New Training, Designations And Specializations
Dezen said Microsoft is adding new training initiatives for the new fiscal year, including hands-on technical sessions for partners designing and deploying agentic AI solutions using Copilot Studio and Azure AI Foundry.
“[Agentic AI] is the single biggest unlock we see in the business right now,” she said.

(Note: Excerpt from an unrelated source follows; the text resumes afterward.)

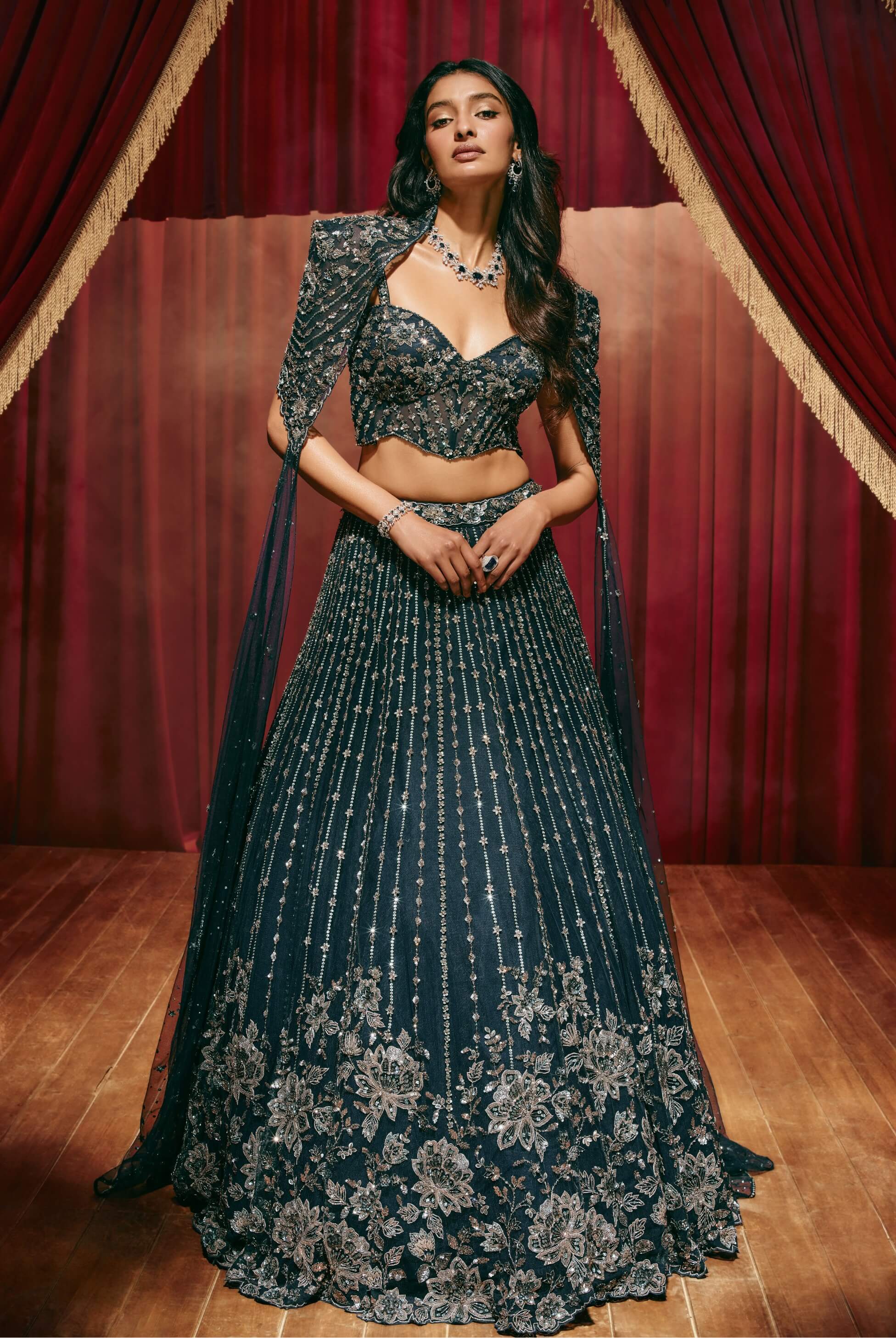 Embodying stylised luxury, this midnight blue lehenga set features an intricately embroidered bustier paired with a voluminous skirt highlighted by vertical sequin lines. The embellished shoulder cape introduces a modern edge while antique embroidery enriches the ensemble. Ideal for sangeet evenings, receptions, and grand festive occasions.

“Every single customer is asking us about agents, how they can bring agents to their business requirements, how they can use agents to solve problems,” she added. “And this is where we look to our partner ecosystem really to deliver the business value and the technical implementation that’s needed.”
The company is also adding hackathon-based training to allow partners to develop their own intellectual property, earn certifications and “deliver revenue-generating AI engagements,” according to Dezen.
Other training additions include regional in-person workshops and AI roadshows as well as CSP certification weeks and a “Skilling in a Box” initiative for distributors, which are mean to scale “pre-sales and sales skilling to thousands of resellers.”
Microsoft is introducing several new designations and specializations, including a Copilot specialization as well as designations for distributors, support and sovereign cloud.
These also include two new device-driven designations, one for OEMs building “modern, hybrid-ready” Windows devices for the commercial PC market and another for partners “selling and deploying Windows commercial devices, including Copilot+ PCs,” according to Dezen.
“There’s huge momentum in the market, both for Windows 11 as well as for Copilot+ PCs,” she said.
The company has also expanded pathways for SMB partners to gain Security and Azure designations, noting that nearly 9,000 partners have already taken advantage.
Other Program Additions, Enhancements
Other program changes include an expansion of benefits offerings for services partners. The expansion for such partners includes an increase in Copilot seats as well as access to tools like Copilot Studio, Dragon Studio and Microsoft 365 E5 Security.
Microsoft is also “enhancing benefit delivery through Modern Benefit Provisioning in Partner Center,” according to Dezen.
The chief partner officer teased further changes, saying that partners will “gain more flexibility by being able to combine or split their benefit packages across multiple tenants.” This, in turn, will enable partners “to support operations in various global locations.”